On May 28, information from the Central Hospital for Tropical Diseases said that recently, this unit treated a patient with large liver flukes due to the habit of eating raw vegetables.
Accordingly, patient NTD, male, 39 years old, from Phu Yen, went to Hanoi for a follow-up examination for chemotherapy. However, the patient had a cough and fever, and an abdominal ultrasound incidentally revealed a mass in the liver. He was diagnosed with a liver abscess and transferred to the Central Hospital for Tropical Diseases for examination and treatment.
The patient had a history of acute leukemia and had received 5 chemotherapy sessions at the National Institute of Hematology and Blood Transfusion. Before going to Hanoi, the patient had a cough with phlegm, chest pain on both sides when coughing, and a fever during the day, requiring hospitalization for a week.
Doctors examine patients. Photo: BVCC
The patient said that he likes to eat raw vegetables, especially water spinach grown in ponds and lakes and raw Vietnamese coriander. He is addicted to grilled fish wrapped in water spinach and roasted duck or steamed duck with raw Vietnamese coriander. Even when he was being treated at the hospital in Phu Yen , the patient still regularly ate this dish.
Dr. Vu Minh Dien, Deputy Head of the Department of Internal Medicine, Central Hospital for Tropical Diseases, said that through clinical examination and patient history, doctors thought of the disease as fascioliasis when initial tests showed high eosinophils and liver MRI images were more likely to be fascioliasis.
According to Dr. Vu Minh Dien, people with liver flukes often have symptoms of dull, non-specific pain in the right hypochondrium. Patients often feel tired, full and have indigestion. Many cases do not have obvious clinical manifestations. Acute liver fluke infection can cause abdominal pain, enlarged liver, nausea, fever, hives, weight loss, etc.
" If a person is chronically infected with large liver flukes and is not treated for a long time, it can lead to complications: cholangitis; gallstones; cholecystitis; pancreatitis; biliary cirrhosis and liver fibrosis," Dr. Dien emphasized.
Doctors say that to determine whether a person has liver fluke or not, it is necessary to rely on testing techniques to find fluke eggs in the stool or blood tests to find antibodies in the patient's serum.

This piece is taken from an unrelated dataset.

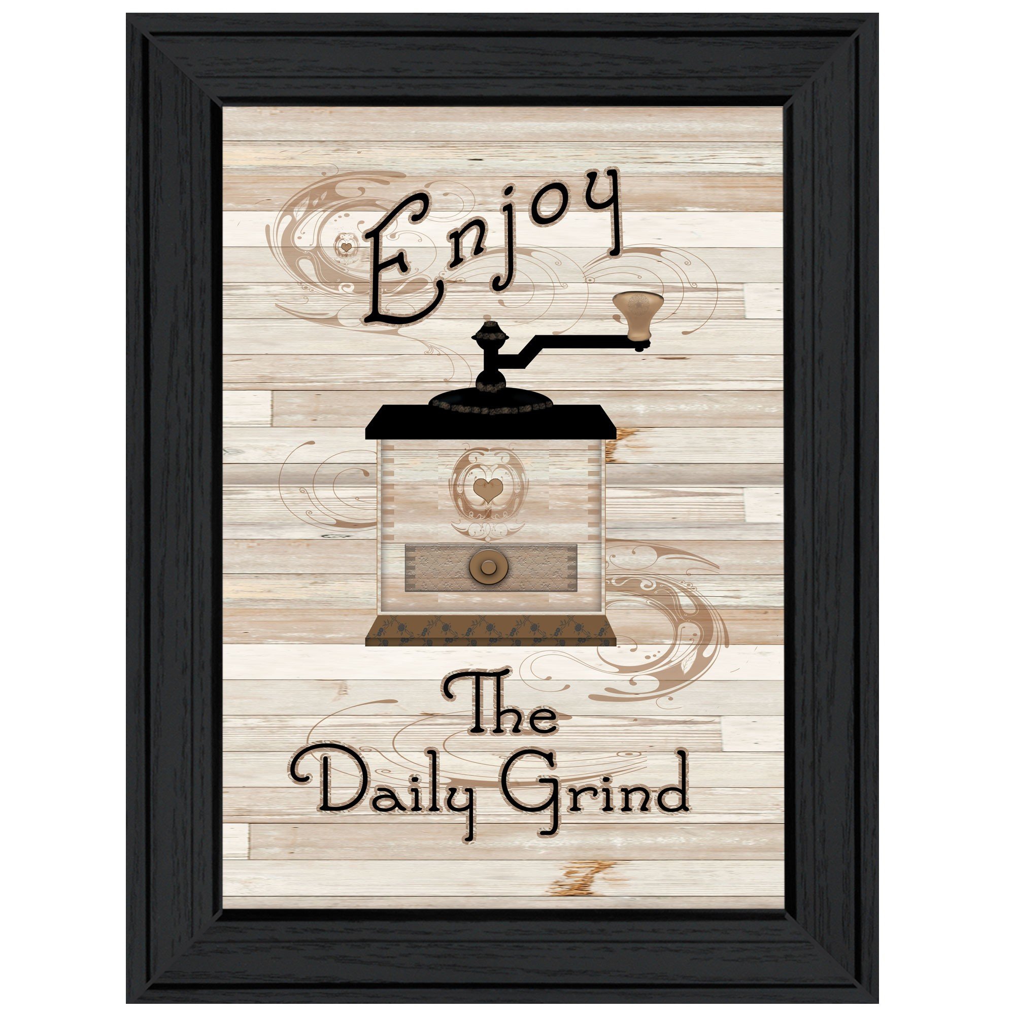 This the daily grind 2 black framed print kitchen wall art will add a beautiful decorative accent to your decor. This print is a visual artistic expression that allows you to decorate your space in style. Reproduced for you on paper, this hanging decorative accent will be a trendy and fashionable way to dress your walls. Adding this hanging wall art to your space to make your room feel more finished and attractive. Instantly liven up your space with this art that brings color and dimension to your walls. 15-inch H x 11-inch W x 1-inch D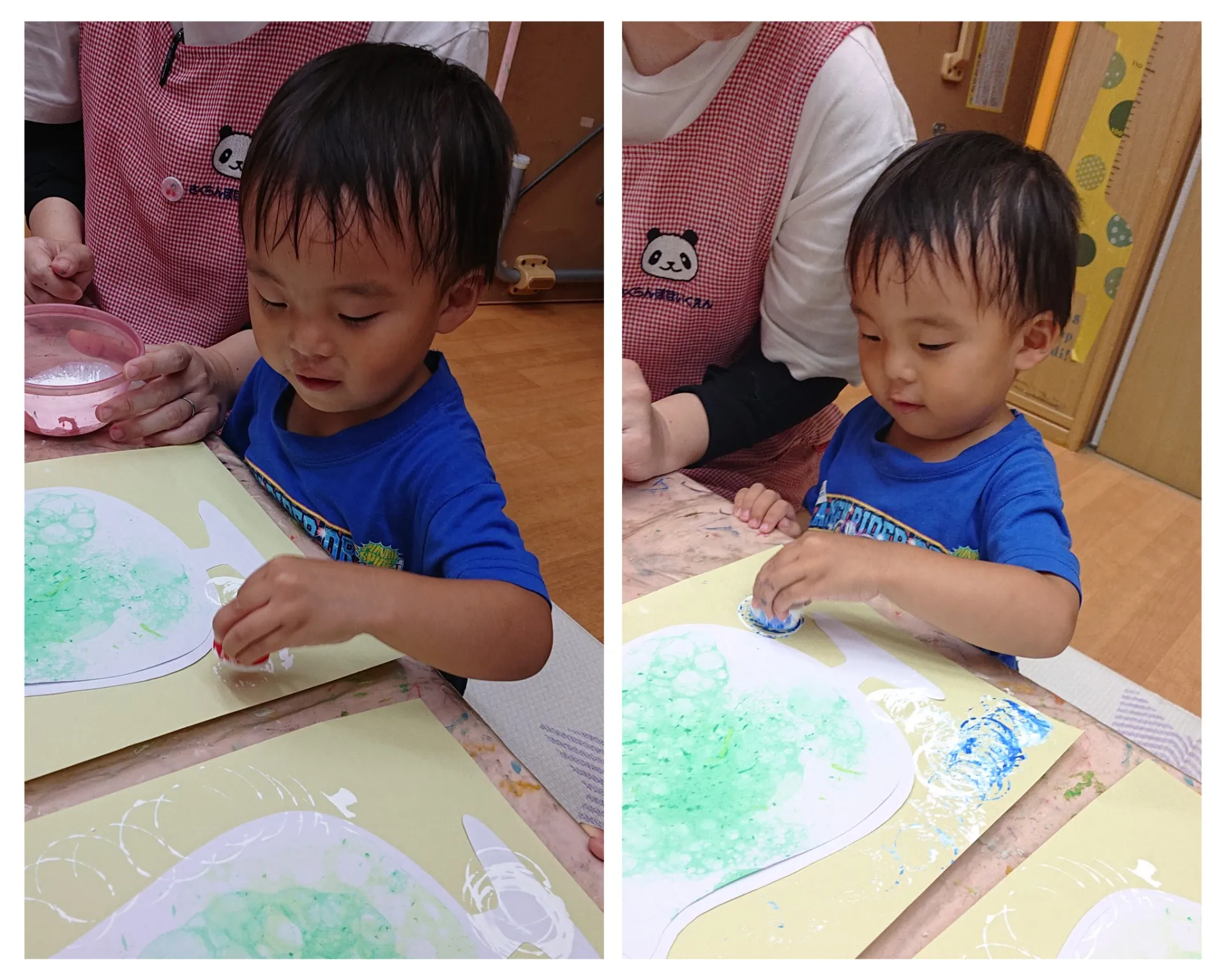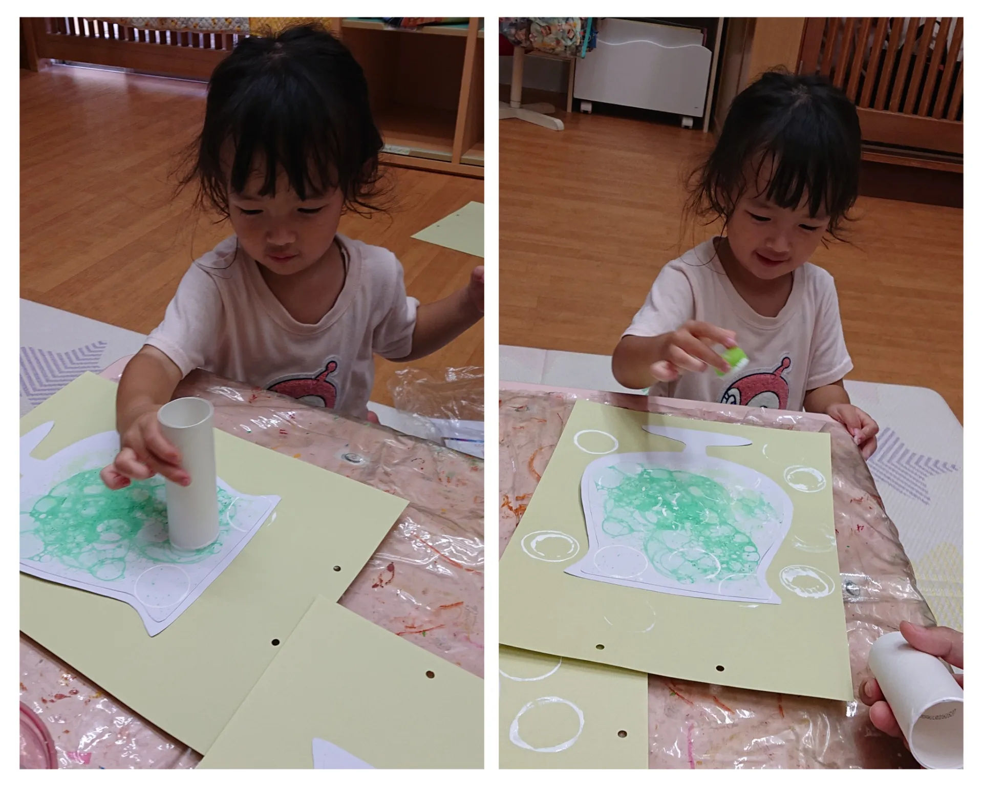 先日のバブルアートの続きで、コップの周りにペットボトルのキャップやトイレットペーパー芯で炭酸を表現しました。大小さまざまな丸をスタンピングし、より一層おいしそうなクリームソーダが完成しそうです。

Habits that make it easy to get liver fluke disease
According to Dr. Vu Minh Dien, in humans, worms parasitize in the liver and gallbladder. In unusual cases, worms can parasitize in muscles, under the skin... (ectopic parasitism). Adult worms lay eggs through the bile duct into the intestines and out with the feces. The eggs go into the water, hatch into ciliated larvae and parasitize in snails, develop into tailed larvae, tailed larvae leave the snails and attach to aquatic vegetables to form cysts or swim freely in the water.
Humans or cattle who eat aquatic plants or drink water containing larvae will be infected with large liver flukes. When people eat raw aquatic vegetables or drink water contaminated with worm larvae, the worm larvae enter the stomach, go down to the duodenum, separate themselves from the shell and penetrate the wall of the duodenum into the peritoneal cavity to the liver, perforate the liver capsule and invade the liver parenchyma, causing liver damage. This is also the stage that stimulates the body to have the strongest immune response.
Liver flukes mainly parasitize liver tissue, but during the invasion stage, the flukes can migrate and cause damage to other organs such as the intestinal wall and stomach wall. After 2-3 months of invasion into the liver parenchyma, the flukes invade the bile duct to mature and lay eggs.
Here, adult worms can parasitize and cause disease for many years (up to 10 years) if not detected and treated. In the biliary tract: worms cause damage to the biliary epithelium, bile duct obstruction, inflammation and secondary biliary fibrosis; acute pancreatitis...
Experts recommend that large liver flukes are a disease related to people's eating habits and customs, so disease prevention is extremely important and necessary. People should not eat raw aquatic poisonous vegetables such as: water spinach, Vietnamese coriander, celery, watercress, water spinach...; do not drink raw water.
When suspecting infection with large liver flukes, you must go to a specialized medical facility for timely diagnosis and treatment. In particular, people who have the habit of eating vegetables that grow in water (ponds, lakes, etc.), raw or not properly processed, should go for regular medical examination and screening to detect and treat the disease promptly if any.